• **What you need to do**
Restate each line below word for word, skipping every picture.

* * * * *

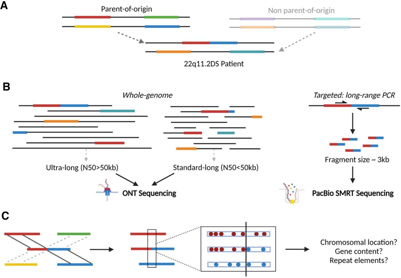Study design and data analysis of 22q11.2DS recombination loci. (A) LCR22 composition of a family trio. The parent-of-origin is the parent in whom the recombination occurred. The red-blue composition in the patient represents the recombined LCR22 structure. In this example, an interchromosomal recombination is presented, although intrachromosomal recombinations are possible as well. (B) The patient and the parent-of-origin were sequenced using one or a combination of whole-genome ultra-long and/or standard long ONT sequencing. In one patient (AB004), a targeted breakpoint-specific long-range PCR was designed in combination with PacBio single-molecule real-time (SMRT) sequencing of the fragment. (C) Following de novo assembly of the different proximal and distal LCR22 alleles in the patient and parent-of-origin, the recombination-involved parental haplotypes (proximal and distal) were identified via SNP comparison, followed by a delineation of the breakpoint locus by LCR22 proximal-specific (red) and distal-specific (blue) SNPs. These SNPs are shared between the patient and the parental proximal or distal LCR22, respectively, but not with the other (proximal or distal) LCR22 involved in the CNV. The recombination locus was scrutinized for its precise coordinates, elucidating the genes and repetitive elements involved.
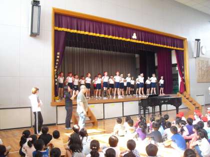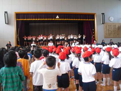 音楽朝会で、「ゴーゴーゴー」の練習をしました。運動会でとても盛り上がる歌です。今日は、体育館に赤・白わかれて、元気いっぱいの歌声を響かせました。運動会まで2週間と少しです。
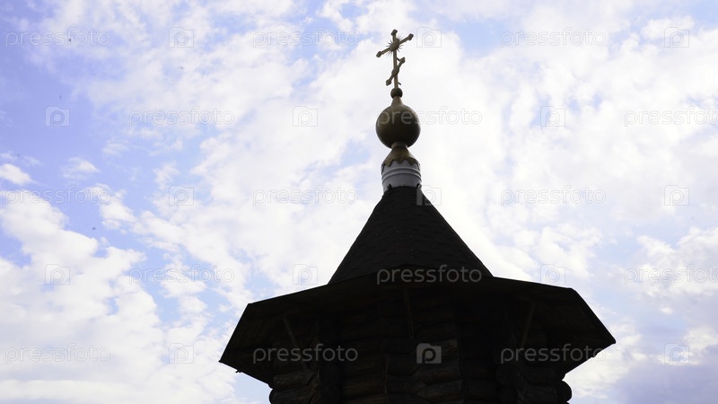 Древняя деревянная башня церкви. СМИ. Деревянная башня древней церкви на фоне неба. Архитектура деревянной церкви с крестом в пасмурный день
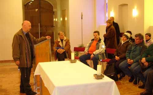 An die dreißig Teilnehmer/innen an der von Kunstreferat und KirchenZeitung veranstalteten „Kirchenroas“ besichtigten die Gotteshäuser von Hallstatt, Ebensee und Bad Ischl. Pfarrer Hans Hammerl (links) erläutert den Besuchern die Sakramentenkapelle von Bad Ischl, die Br. Thomas Hessler gestaltet hat.
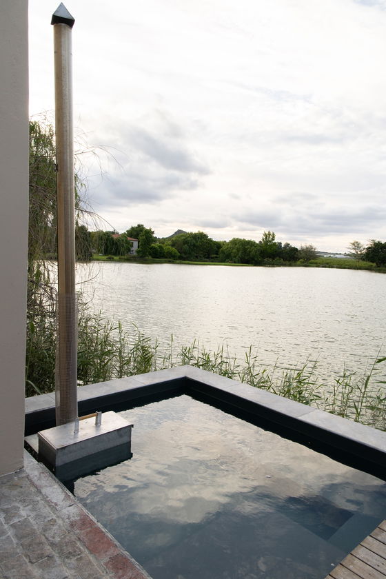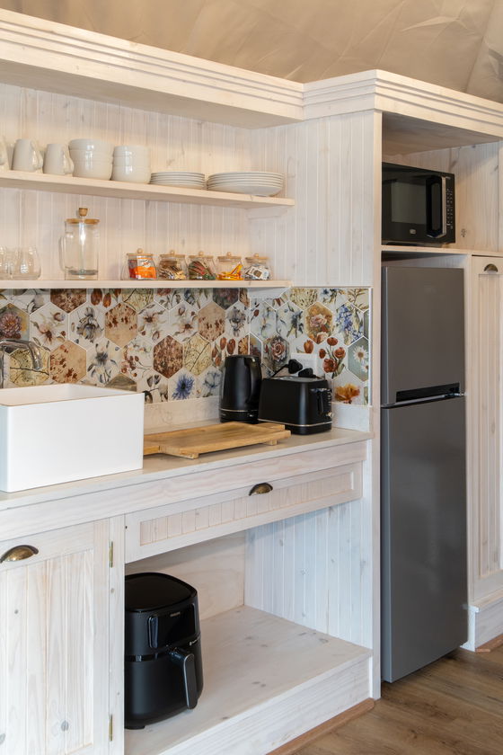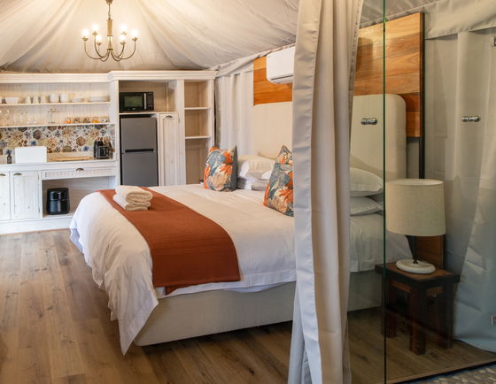 Each luxury lakeside glamping tent has a private covered patio with easy access to the private wood fired hot tub and braai facilities. The kitchen is partially equipped with an airfryer, toaster, kettle, microwave, french press, braai casserole and fridge/freezer.
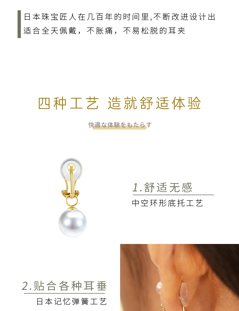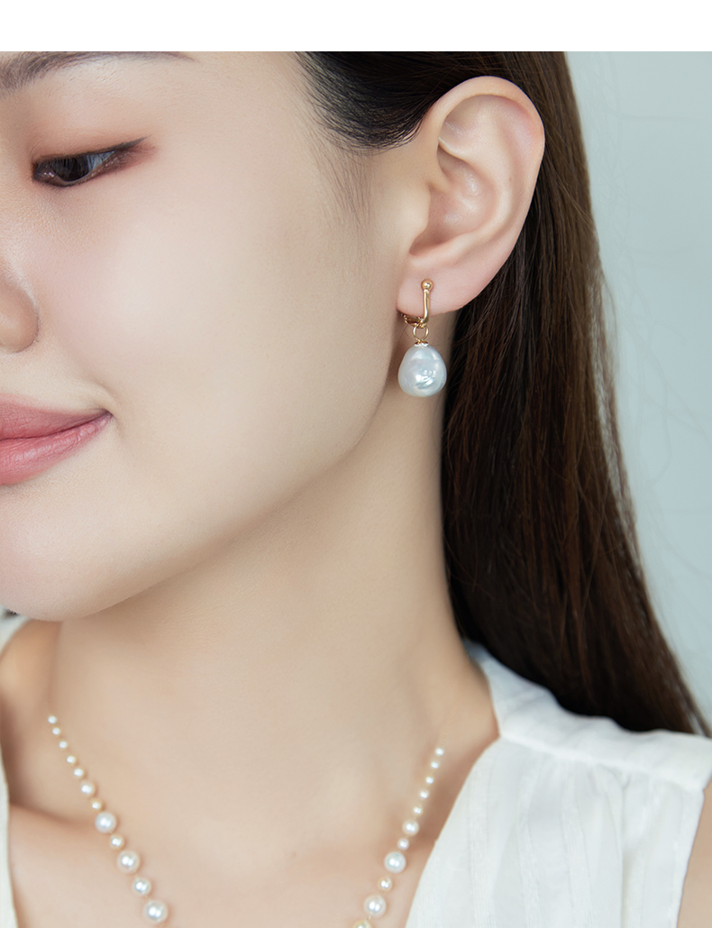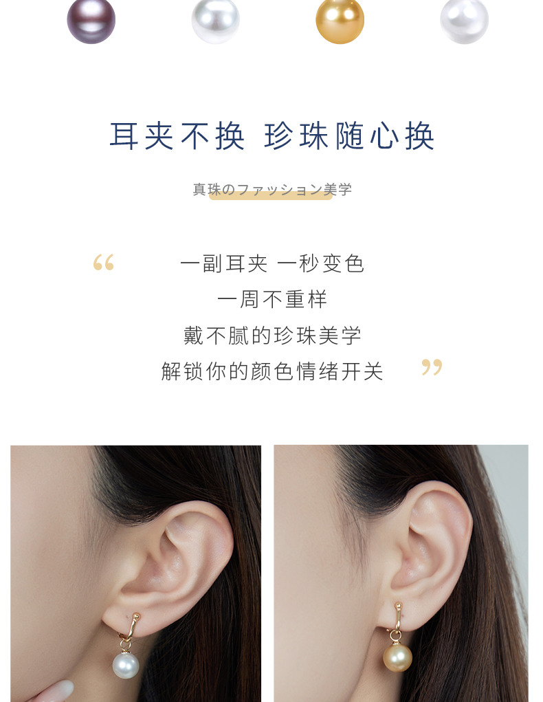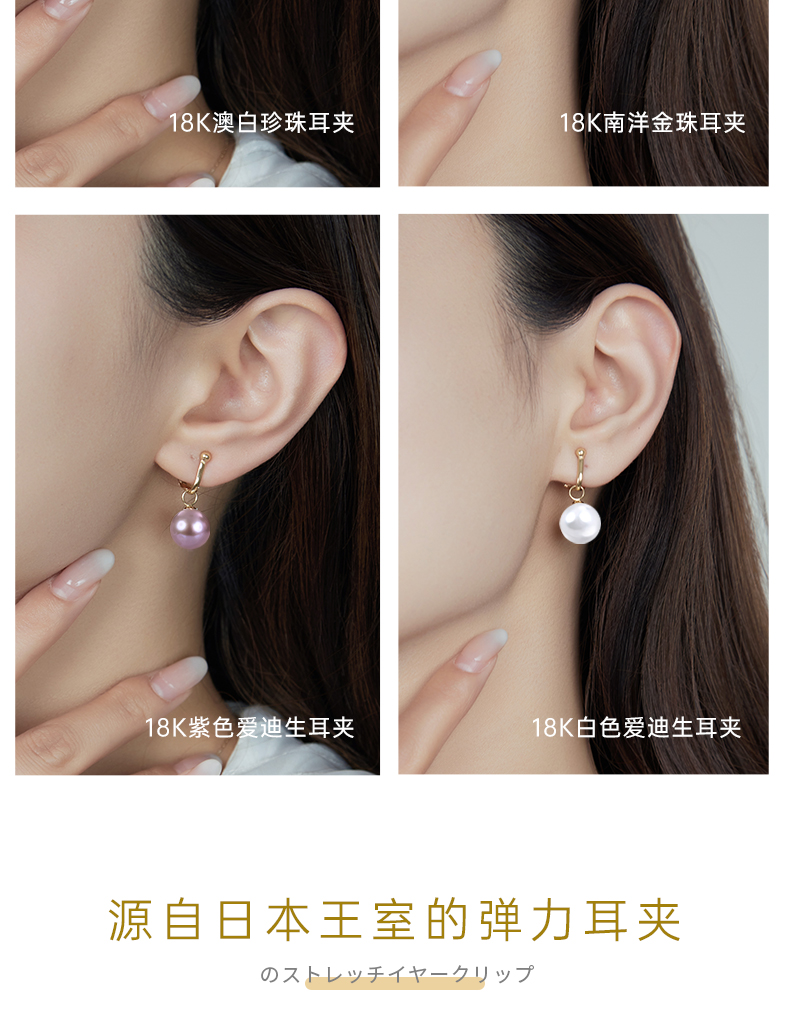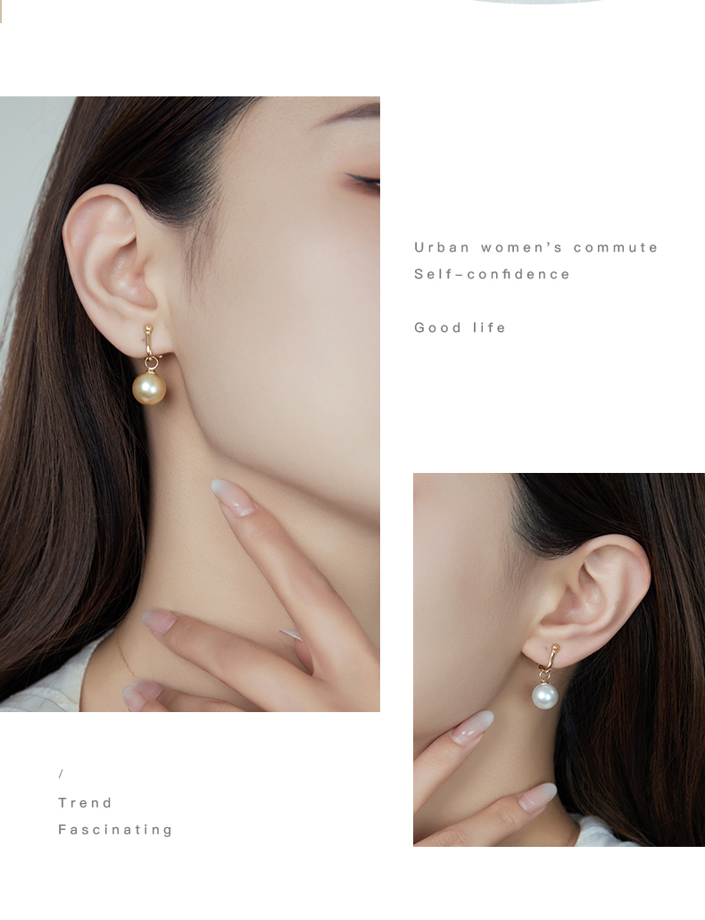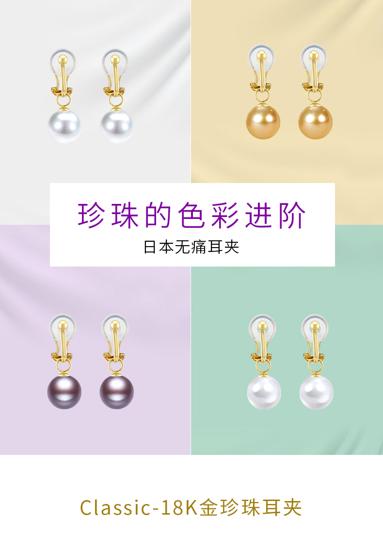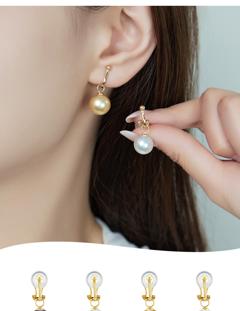 【挚友限定】(经典款/挂珠款)18K金澳白珍珠耳夹 真科研凤凰等级
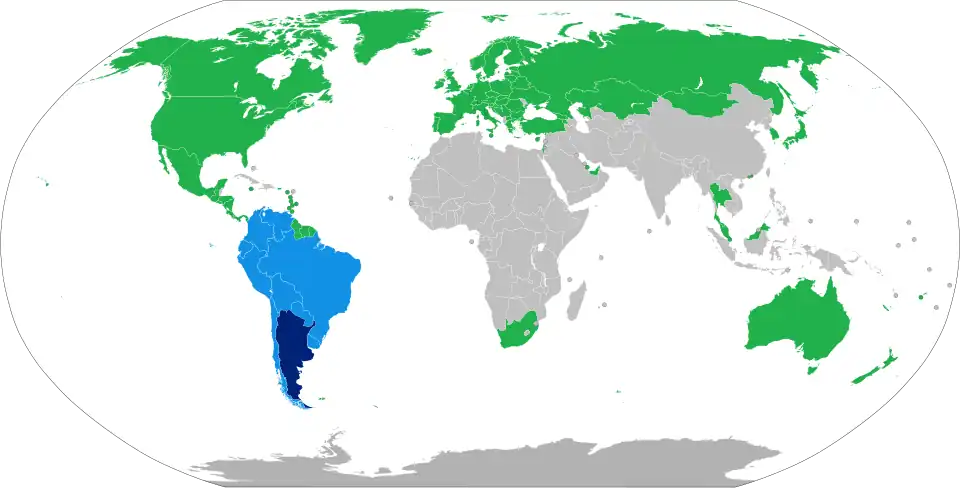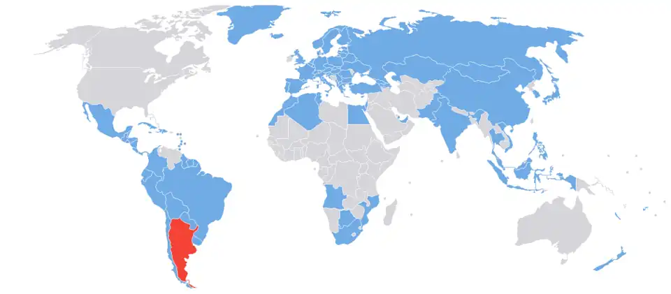 Visitors to Argentina must obtain a visa from one of the Argentine diplomatic missions unless they are citizens of one of the visa-exempt countries.[1]
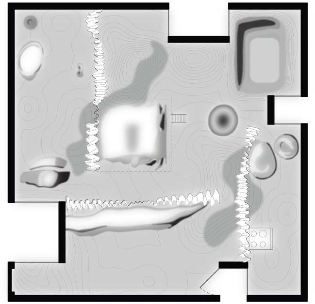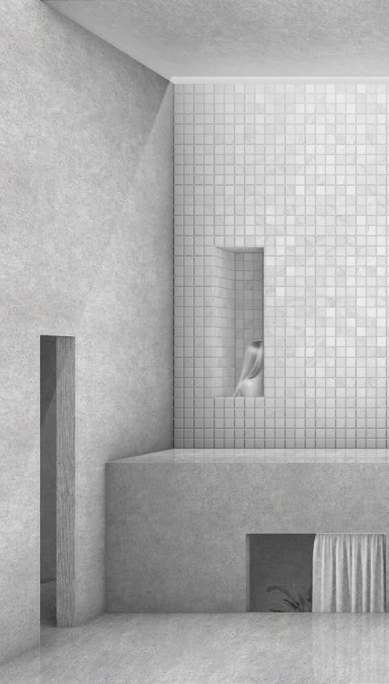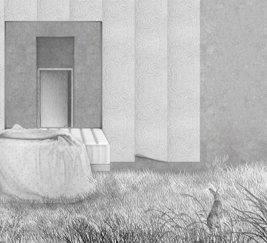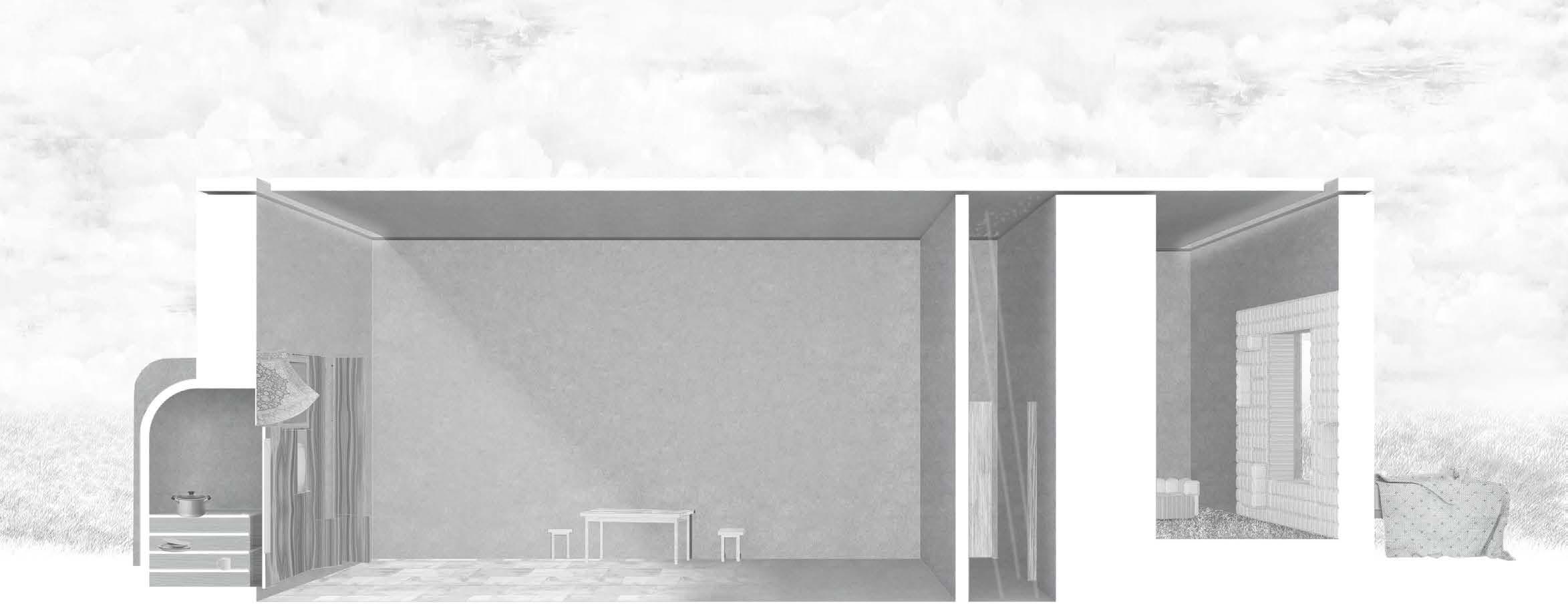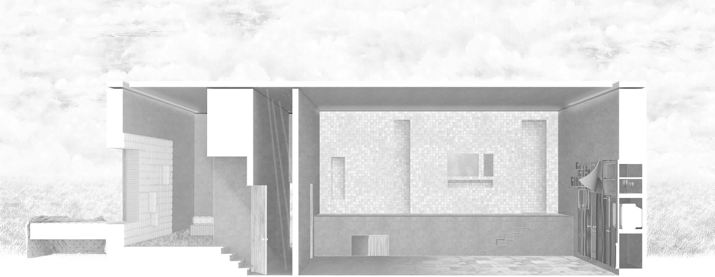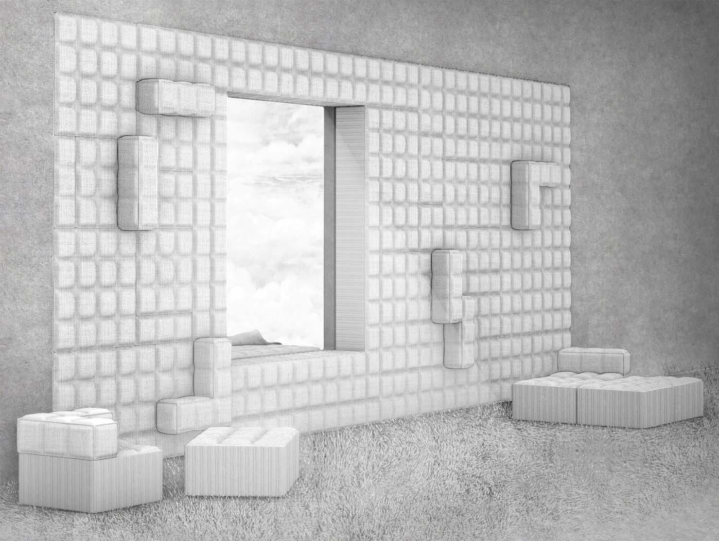 usage, the bed bathes the adjoining living room in natural light, while the plush carpeting evokes the sensation of grass underfoot. The design strategy of the living room invites inhabitants to rearrange the soft cushioned elements that form the wall if needed. The bathroom facilities are discreetly concealed behind a tile-patterned wall, offering glimpses of dynamic human presence while safeguarding privacy.

* * * * *

• **Solution to the exercise**
Study design and data analysis of 22q11.2DS recombination loci. (A) LCR22 composition of a family trio. The parent-of-origin is the parent in whom the recombination occurred. The red-blue composition in the patient represents the recombined LCR22 structure. In this example, an interchromosomal recombination is presented, although intrachromosomal recombinations are possible as well. (B) The patient and the parent-of-origin were sequenced using one or a combination of whole-genome ultra-long and/or standard long ONT sequencing. In one patient (AB004), a targeted breakpoint-specific long-range PCR was designed in combination with PacBio single-molecule real-time (SMRT) sequencing of the fragment. (C) Following de novo assembly of the different proximal and distal LCR22 alleles in the patient and parent-of-origin, the recombination-involved parental haplotypes (proximal and distal) were identified via SNP comparison, followed by a delineation of the breakpoint locus by LCR22 proximal-specific (red) and distal-specific (blue) SNPs. These SNPs are shared between the patient and the parental proximal or distal LCR22, respectively, but not with the other (proximal or distal) LCR22 involved in the CNV. The recombination locus was scrutinized for its precise coordinates, elucidating the genes and repetitive elements involved.
 音楽朝会で、「ゴーゴーゴー」の練習をしました。運動会でとても盛り上がる歌です。今日は、体育館に赤・白わかれて、元気いっぱいの歌声を響かせました。運動会まで2週間と少しです。
 Древняя деревянная башня церкви. СМИ. Деревянная башня древней церкви на фоне неба. Архитектура деревянной церкви с крестом в пасмурный день
 An die dreißig Teilnehmer/innen an der von Kunstreferat und KirchenZeitung veranstalteten „Kirchenroas“ besichtigten die Gotteshäuser von Hallstatt, Ebensee und Bad Ischl. Pfarrer Hans Hammerl (links) erläutert den Besuchern die Sakramentenkapelle von Bad Ischl, die Br. Thomas Hessler gestaltet hat.
 Each luxury lakeside glamping tent has a private covered patio with easy access to the private wood fired hot tub and braai facilities. The kitchen is partially equipped with an airfryer, toaster, kettle, microwave, french press, braai casserole and fridge/freezer.
 【挚友限定】(经典款/挂珠款)18K金澳白珍珠耳夹 真科研凤凰等级
 Visitors to Argentina must obtain a visa from one of the Argentine diplomatic missions unless they are citizens of one of the visa-exempt countries.[1]
 usage, the bed bathes the adjoining living room in natural light, while the plush carpeting evokes the sensation of grass underfoot. The design strategy of the living room invites inhabitants to rearrange the soft cushioned elements that form the wall if needed. The bathroom facilities are discreetly concealed behind a tile-patterned wall, offering glimpses of dynamic human presence while safeguarding privacy.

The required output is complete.